● WHAT IS BEING ASKED: Retype the whole listing verbatim and keep the pictures out of it.

● GIVEN MATERIAL:
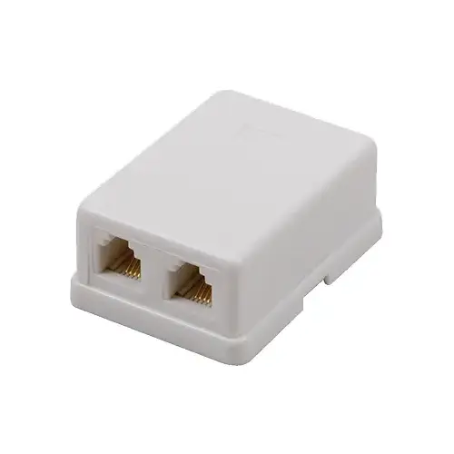 White Dual Modular Jack, 4 Wire Surface Mount, Allows Modular Jacks To Be Placed Anywhere.
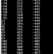 Para identificar los ejes de acelerómetro, girarla sólo de una manera en un momento y observe lo que cambia. También se puede ver cómo estos datos estan en bytes, pero los datos del acelerómetro deben ser que una palabra firmada porque hay gira de 0xfff7 a 0x0007 lo que indicaría un resultado negativo a la conversión positiva.
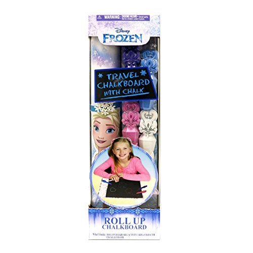 Disney Frozen Roll Up Chalkboard set includes 1 roll up chalkboard, 3 activity cards, 4 chalks, and 1 eraser. **Colors may vary**

● OUTPUT OF THE TASK:
 White Dual Modular Jack, 4 Wire Surface Mount, Allows Modular Jacks To Be Placed Anywhere.
 Para identificar los ejes de acelerómetro, girarla sólo de una manera en un momento y observe lo que cambia. También se puede ver cómo estos datos estan en bytes, pero los datos del acelerómetro deben ser que una palabra firmada porque hay gira de 0xfff7 a 0x0007 lo que indicaría un resultado negativo a la conversión positiva.
 Disney Frozen Roll Up Chalkboard set includes 1 roll up chalkboard, 3 activity cards, 4 chalks, and 1 eraser. **Colors may vary**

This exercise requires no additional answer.